_TRY IT:_ An exact transcription is needed of the lines below from the one with "Super cute 4" through the one with "臺灣記者在拍攝炒棋子的制作過程(圖片來源:陽泉市臺辦)", with no other lines and no pictures.
Top of PROVIDED INFORMATION
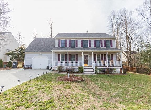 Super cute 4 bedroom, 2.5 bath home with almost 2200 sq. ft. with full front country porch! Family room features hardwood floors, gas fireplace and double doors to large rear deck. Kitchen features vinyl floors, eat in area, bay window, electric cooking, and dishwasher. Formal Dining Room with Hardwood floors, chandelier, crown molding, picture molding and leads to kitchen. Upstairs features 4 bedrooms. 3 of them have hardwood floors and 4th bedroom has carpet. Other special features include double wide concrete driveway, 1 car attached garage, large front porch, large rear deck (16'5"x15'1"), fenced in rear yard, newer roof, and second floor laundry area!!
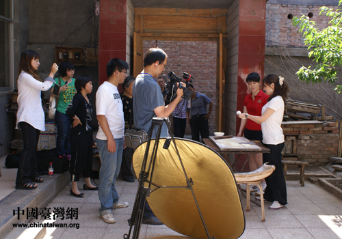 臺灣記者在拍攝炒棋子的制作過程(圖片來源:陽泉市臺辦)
Bottom of PROVIDED INFORMATION
Top of PROVIDED INFORMATION
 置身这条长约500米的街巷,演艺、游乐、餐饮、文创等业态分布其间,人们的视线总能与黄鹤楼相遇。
Bottom of PROVIDED INFORMATION
_SOLUTION TO THIS TASK:_
 Super cute 4 bedroom, 2.5 bath home with almost 2200 sq. ft. with full front country porch! Family room features hardwood floors, gas fireplace and double doors to large rear deck. Kitchen features vinyl floors, eat in area, bay window, electric cooking, and dishwasher. Formal Dining Room with Hardwood floors, chandelier, crown molding, picture molding and leads to kitchen. Upstairs features 4 bedrooms. 3 of them have hardwood floors and 4th bedroom has carpet. Other special features include double wide concrete driveway, 1 car attached garage, large front porch, large rear deck (16'5"x15'1"), fenced in rear yard, newer roof, and second floor laundry area!!
 臺灣記者在拍攝炒棋子的制作過程(圖片來源:陽泉市臺辦)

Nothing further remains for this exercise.